Out of the corner of my eye, I see Delia rise to her feet.
I look upwards at the ceiling of our cage in an exaggerated motion. “What’s up there?” I ask innocently.
The guard hits the side of the cage and the clang reverberates through the bars. “It’ll be your head I hit next. Get up.”
I rise to my feet and brush the dirt off my legs.
This is it.
I’m about to be led to my death.
My life flashes before my eyes. I don’t seriously regret anything I’ve done. Not even the actions that led me here, to my death.
Life is for living, fast and furious. Not for hoarding like a miser.
I took a risk on love, and I lost. I was betrayed. I am at peace with that.
That is better than living cocooned in safety and never living at all.
All that is left for me now is to die as I have lived—with courage and honor. Even though my heart is pounding, my legs are shaking, and my bowels have turned to jelly.
Delia lets out a whimper as the guard opens the door for us.
“Beauty before brains,” I say, and step out first. Mostly because I’m worried she’s frozen to the spot and I don’t want to bear witness to her beating if she doesn’t do what the guards say.
To my relief, I hear her stumble out behind me.
One guard leads the way while the second hangs back to walk behind us. They don’t need chains to keep me in control. I know full well what those guns holstered on their chest are capable of, and I have no intention of being on the receiving end of a weapon that can melt your skin right off your bones and turn your insides to mush.
We trot out obediently out onto the hard-packed dirt, then down a short flight of stairs. There’s a barred gate at the end that leads directly into the pits. After so long in the red sunshine, my eyes take a few moments to adjust to the gloom.
The guard in front cranks a lever that lifts the bars up. “Playtime,” he cackles.
The second guard pushes us forwards. Onto the baked hard dirt of the arena floor.
It’s a pitiful place. Small and dark. The walls are barely higher than my head. In the big arenas the walls are ten yards high to stop the competitors escaping.
Filthy, as they all are, and stained with the blood and piss and shit of unlucky prisoners.
I wrinkle my nose as the stench hits me.
Around the edges of the pit, a ragtag crowd is cheering us on. They stand above us on raised tiers, so they can all get a good view of my intestines being ripped out.
Great.
On the far side of the pits is another door. It’s not open yet.
I turn back to the two guards who have now cranked the iron bars of the gate closed again. “Will you provide us with weapons so we may fight with honor, oh mighty guards?” It doesn’t hurt to try.
One spits and turns away.
The other laughs, then throws his metal rod through the bars.
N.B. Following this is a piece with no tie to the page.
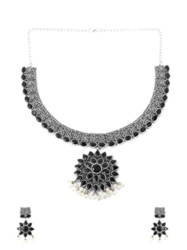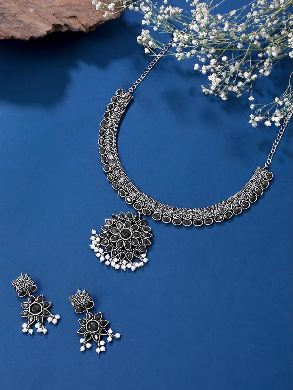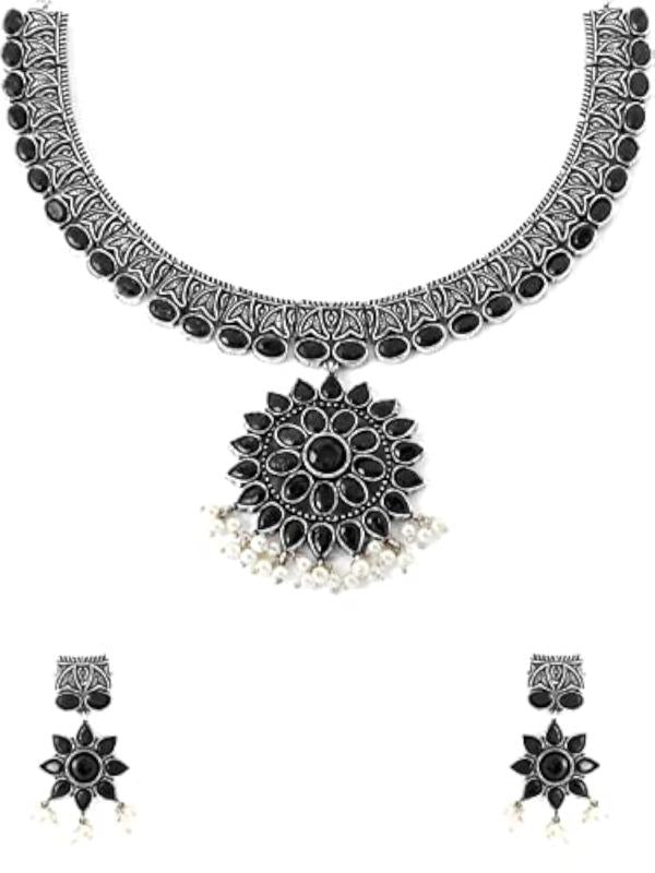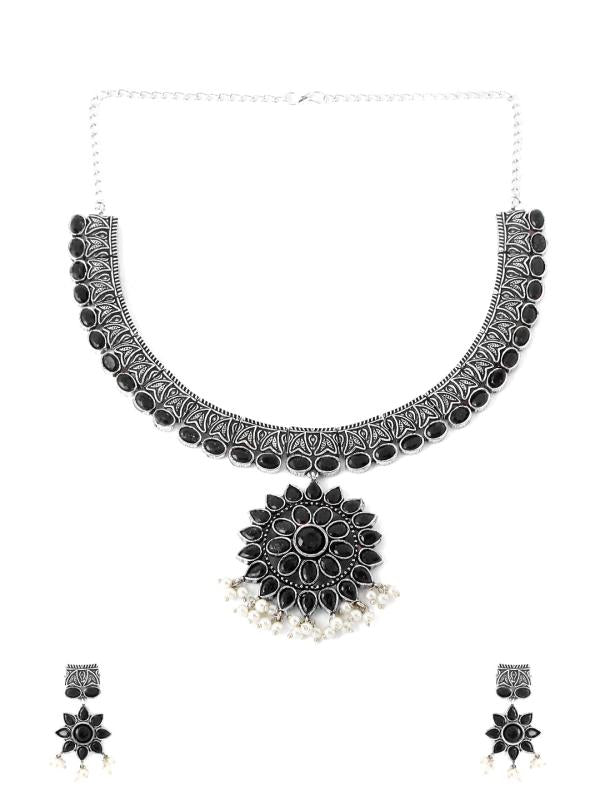 This oxidised silver jewelry set features a stunning choker necklace with intricate stone detailing, perfect for ethnic occasions.

“I’ll be coming to get that back from your corpse,” he says, then turns around, still chuckling to himself.
I look at Delia and sigh. “You might as well take it. My claws are better, anyway.” My noble nature will be the death of me one day.
She runs to it and picks it up. The way her shoulder lowers with its weight I can tell she finds it heavy. “Thanks,” she mutters.
“Don’t bother making a show. If something comes at you, just swing it. If it’s too heavy to hit their face, swing at their ankles.” Why am I giving her advice? It will only serve to get her hopes up that we are going to live.
She nods. She looks up at the crowd around us. Something is thrown down into the arena, missing her shoulder by inches. It’s a cabbage. Moldy, too.
I grimace. “Take no note of them. Hopefully they hit whatever we’re fighting and take it out for us.”
She gives me a weak smile.
Then with a screeching noise, the door on the other side of the arena opens. A second passes, nothing comes out. Then I hear a growl. Not a growl like my kind make, but a feral noise. Like a dog. Or a wolf. Or a pack of them.
Five beasts bolt through the door before it closes shut behind them. One of the animals turns and whines, scratches at the door. A burst of flame shoots through the bars, and the dog lets go with a howl and scurries back.
They have us fighting wargs.
Oh, how ironic. It’s adding insult to injury, to be torn apart by a pack of wargs.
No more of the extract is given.